Annu Int Conf IEEE Eng Med Biol Soc. 2021 Nov;2021:4341-4347. doi: 10.1109/EMBC46164.2021.9630387.
Modern sequencing technology has produced a vast quantity of proteomic data, which has been key to the development of various deep learning models within the field. However, there are still challenges to overcome with regards to modelling the properties of a protein, especially when labelled resources are scarce. Developing interpretable deep learning models is an essential criterion, as proteomics research requires methods to understand the functional properties of proteins. The ability to derive quality information from both the model and the data will play a vital role in the advancement of proteomics research.
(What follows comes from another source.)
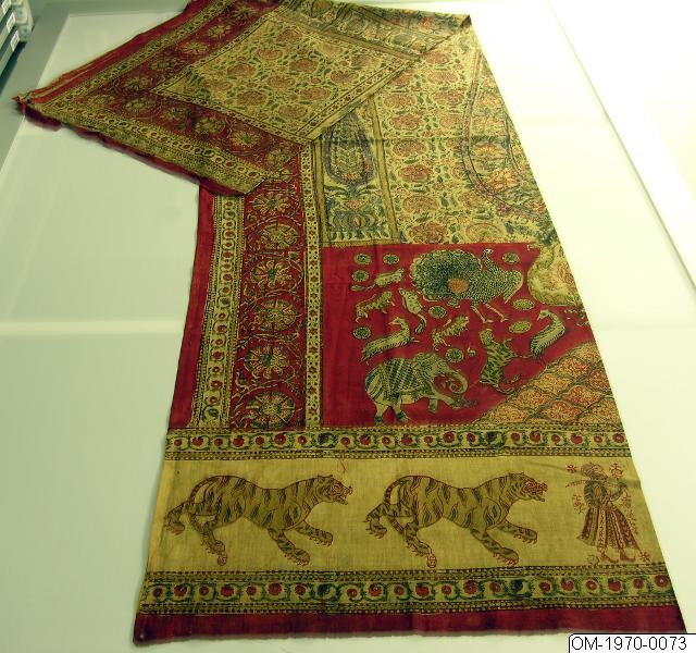 Tryck på bomullstextil, rött, svart, grått tryck på begie botten. Ornament , tigrar, elefanter och andra djur.

In this paper, we seek to leverage a BERT model that has been pre-trained on a vast quantity of proteomic data, to model a collection of regression tasks using only a minimal amount of data. We adopt a triplet network structure to fine-tune the BERT model for each dataset and evaluate its performance on a set of downstream task predictions: plasma membrane localisation, thermostability, peak absorption wavelength, and enantioselectivity. Our results significantly improve upon the original BERT baseline as well as the previous state-of-the-art models for each task, demonstrating the benefits of using a triplet network for refining such a large pre-trained model on a limited dataset. As a form of white-box deep learning, we also visualise how the model attends to specific parts of the protein and how the model detects critical modifications that change its overall function.
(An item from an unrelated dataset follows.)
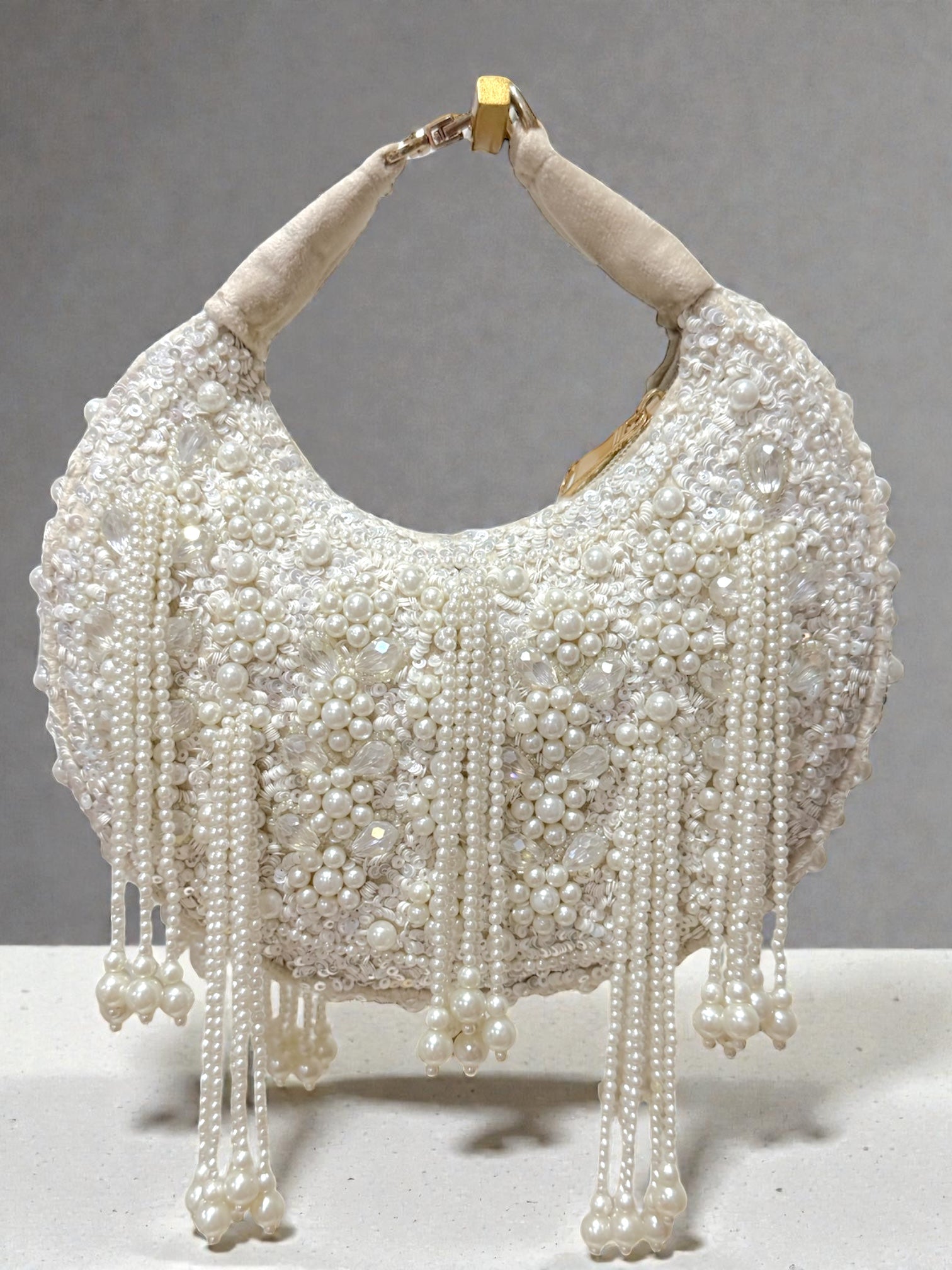 Jaya जया Moon Shaped Beaded Bag in White

现代测序技术产生了大量的蛋白质组学数据,这是该领域各种深度学习模型发展的关键。然而,在对蛋白质的性质进行建模方面仍然存在挑战,尤其是在标记资源稀缺的情况下。开发可解释的深度学习模型是一个基本标准,因为蛋白质组学研究需要方法来理解蛋白质的功能性质。从模型和数据中获取高质量信息的能力将在蛋白质组学研究的进展中发挥重要作用。在本文中,我们试图利用已经在大量蛋白质组学数据上进行预训练的 BERT 模型,仅使用少量数据来对一组回归任务进行建模。我们采用三元网络结构来微调每个数据集的 BERT 模型,并在一组下游任务预测上评估其性能:质膜定位、热稳定性、峰值吸收波长和对映选择性。我们的结果显著优于原始 BERT 基线以及每个任务的最新最先进模型,证明了在有限的数据集上使用三元网络来精炼如此大型的预训练模型的好处。作为一种白盒深度学习形式,我们还可视化了模型如何关注蛋白质的特定部分,以及模型如何检测改变其整体功能的关键修饰。